На привале давились сухим пайком, курили махорку, перемешанную с галетными крошками, окутывали поляну едким дымом. Курили все — в роте капитана Калмакова некурящих извели как класс. Немец вытягивал шею, хлопал глазами, намекая, что и он бы что-нибудь поел.
— Ладно, жри, басурманин, — сунул ему Зорин расковыренную ножом банку с недоеденным судаком в томатном соусе. — Справишься со связанными руками?
Немец справился — молотил так, что за ушами трещало.
— Вот что делает с людьми прогулка на свежем воздухе, — ухмылялся Вершинин. — Привыкай, немчура, долго тебе теперь судака трескать. Посмотрите, мужики, на это ничтожество. Ни гонора, ни спеси, зашуганное животное — и ведь все они такие, если за горло взять. И куда пропадает их истинно романская гордость?
Зорин предпочитал помалкивать. Пауль Вейссер был не таким. Кабы все фрицы были, как Ланге, немецкая армия никогда не дошла бы до Волги и не топталась под стенами Кремля.
Теперь без приключений, решил Зорин и повел разведчиков на восток. Несколько часов продирались через залежи бурелома, перехлесты кустарников, подлеска, поваленных деревьев, топтали заросли крапивы, опасливо обходили скопления борщевиков, похожих на марсиан из романа Герберта Уэллса.

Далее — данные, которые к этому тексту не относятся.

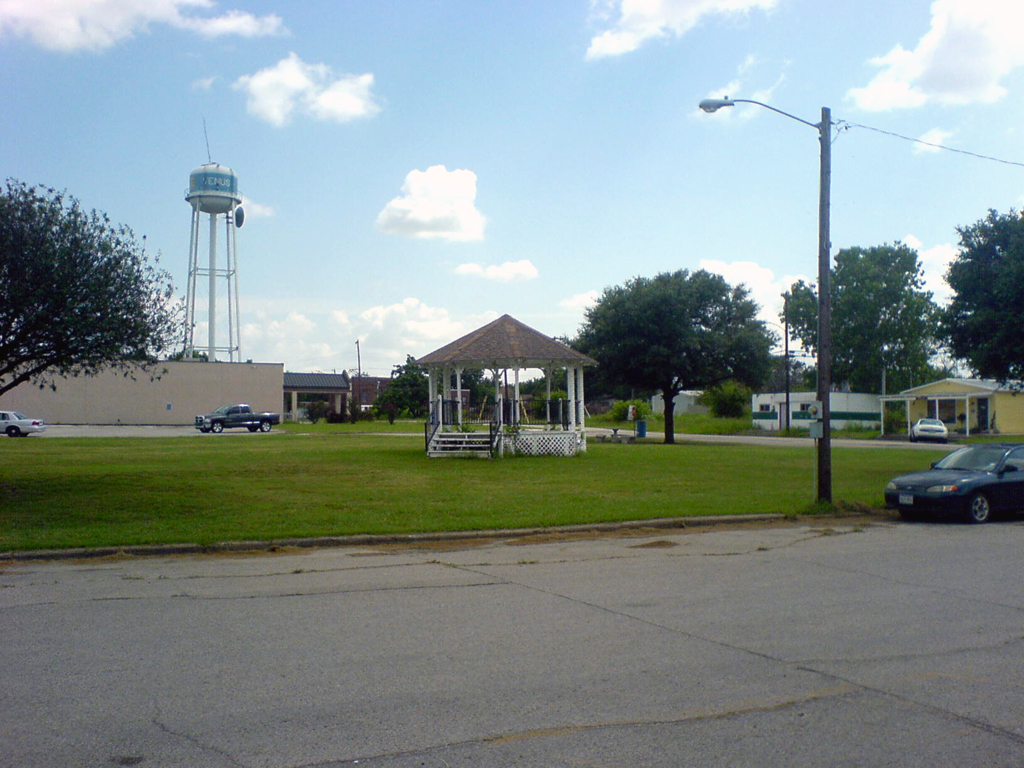 The Venus City Park gazebo. Photo by Danny Burton, 07/22/07.

Замаячил просвет, присели. Лес кончался густым мелким осинником. Вершинин побежал на разведку, сообщил, что все нормально. Но когда пошли, он уже летел назад со страшными глазами. Залегли на опушке, «языку» заткнули рот.
С покатого холма спускалась цепочка солдат. Охватить весь лес облава не могла (да и не больно-то хотелось), прочесывали открытую местность — искали там, где светлее. Прошли совсем рядом, смеялись, беседовали. При полной амуниции, в касках, увешанные подсумками с боеприпасами. Поскрипывала кожаная обувь.

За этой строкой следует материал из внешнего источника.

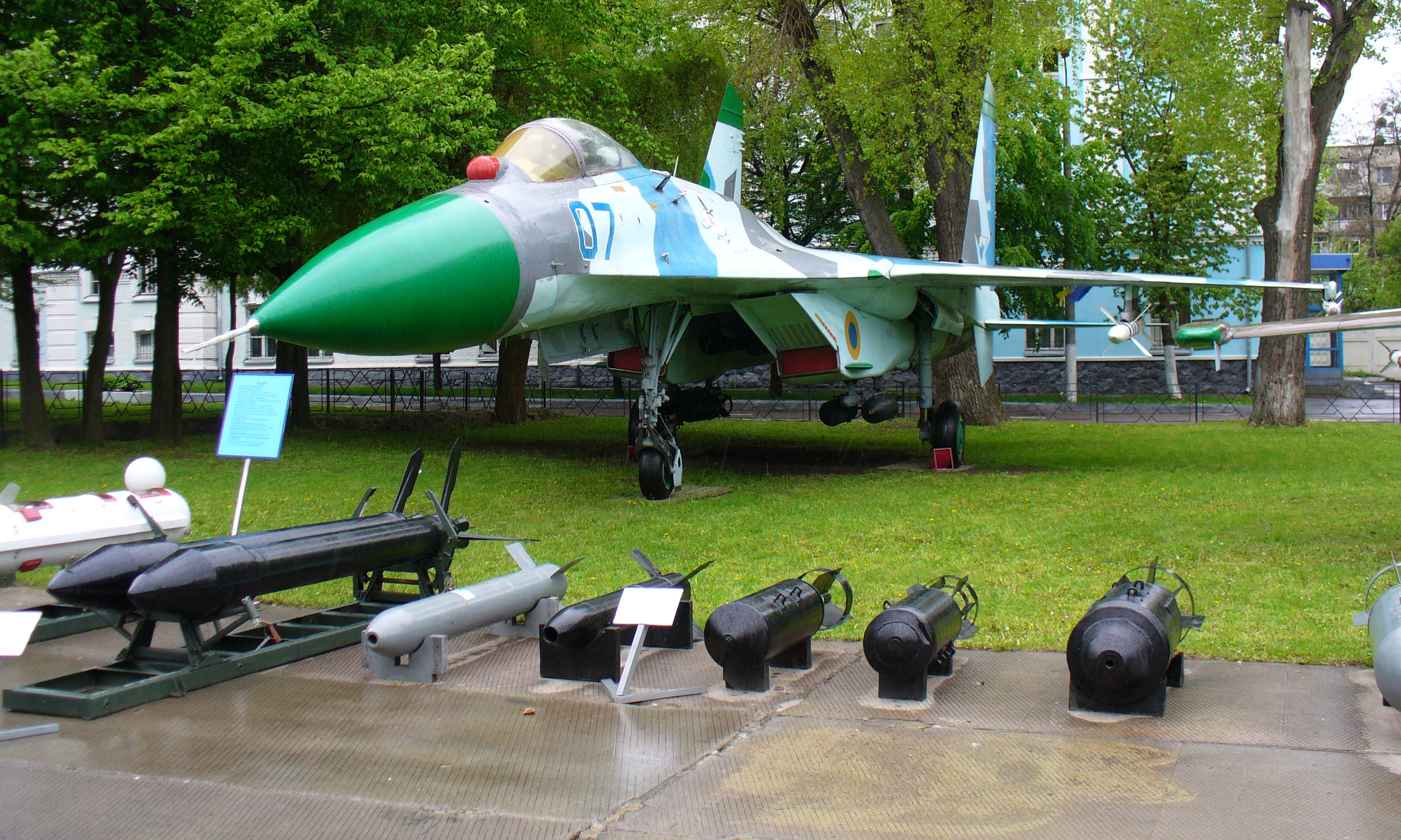 The Sukhoi Su-27 (NATO reporting name "Flanker"). Ukrainian Air Force Museum in Vinnitsa.

Серые воротники, эсэсовские молнии в петлицах — давно не виделись, господа…
Их было около взвода. Возглавлял подразделение молодой унтерштурмфюрер — щеголеватый, осанистый. Он шел на шесть шагов впереди шеренги, весь такой красавчик, независимый, самодовольный, явно не нюхавший пороху, но уверенный, что знает, что такое война. «Из тыла недавно прибыл», — подумал Зорин.
— Ну и рожа, — шепнул в кулак Вершинин. — Не пули, так кирпича точно просит.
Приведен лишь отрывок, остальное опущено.